The last one coal power station of the UK is to officially close its doors today, ending the use of this fuel for production electricmaking it a member of the Group of Seven (G7) more developed industrialized nations for the first time.

The closure of the station, which opened in 1967, is a symbolic milestone in London’s ambition to completely remove the coal from electricity generation by 2030 and then to reach carbon neutrality in 2050.

The United Kingdom thus becoming the first G7 country to be exempt from this fuel. Italy has set a deadline to do so in 2025, France in 2027, Canada in 2030, Germany in 2038. Japan and the United States have not announced an exact date.

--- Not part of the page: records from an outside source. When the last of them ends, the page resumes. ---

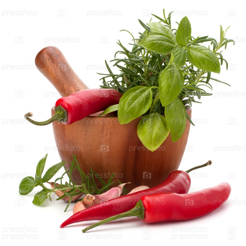 Свежие травы и специи в деревянной ступе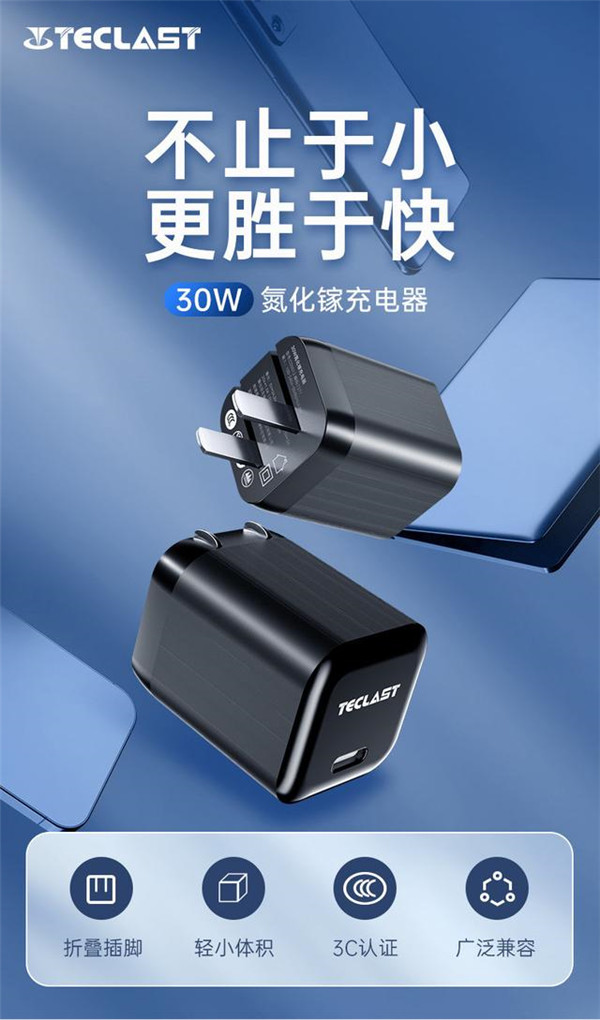 12 月 7 日消息,今天,台电宣布 TECLAST 氮化镓充电器上新,单 USB-C 接口,支持 30W PD 快充,售价 59.9 元。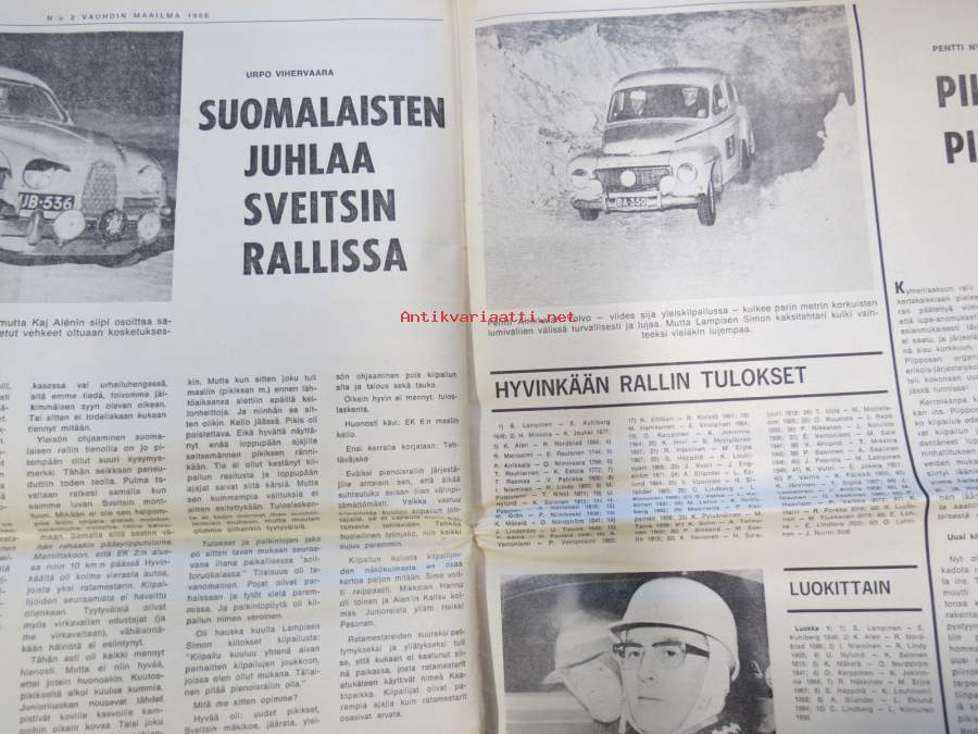 Vauhdin maailma 1966 nr 2, sis. mm. seur. artikkelit / kuvat / mainokset; Ranskalaislehti Monte Carlon jälkeen Timo Mäkinen Le Vrai Vainqueur, Timo Mäkisen

The shutdown “marks the end of an era” but also ushers in “a new century” of new energy jobs, promised in a statement from the British government, which launched a plan this summer for green actions.

The power station, which is located at Ratcliffe-on-Shore, between Derby and Nottingham, in the heart of England, is to be completely decommissioned “by the end of the decade”, according to German energy company Uniper, which is its owner, before a “carbon-free technology and energy pole” was created in the same spot.

Coal contributed greatly to the UK’s economic growth from the 19th century until the 1990s.

This highly polluting energy still produced in the 1980s almost 70% of the country’s electricity. Then this percentage dropped dramatically: 38% in 2013, 5% in 2018 and 1% last year.

To get rid of coal, the British replaced it with natural gas, a fossil fuel that appears to be less polluting and was used in 2023 to produce a third of electricity. A quarter is generated by wind power, a remarkable proportion. Nuclear energy accounts for about 13%.

“Coal’s place is now in the history books,” says Tony Bosworth of the non-governmental organization Friends of the Earth. “The priority now is to move away from gas by developing the UK’s huge potential in renewable energy as quickly as possible.”

“Britain has set an example that the rest of the world should follow”, emphasized Doug Parr of Greenpeace UK.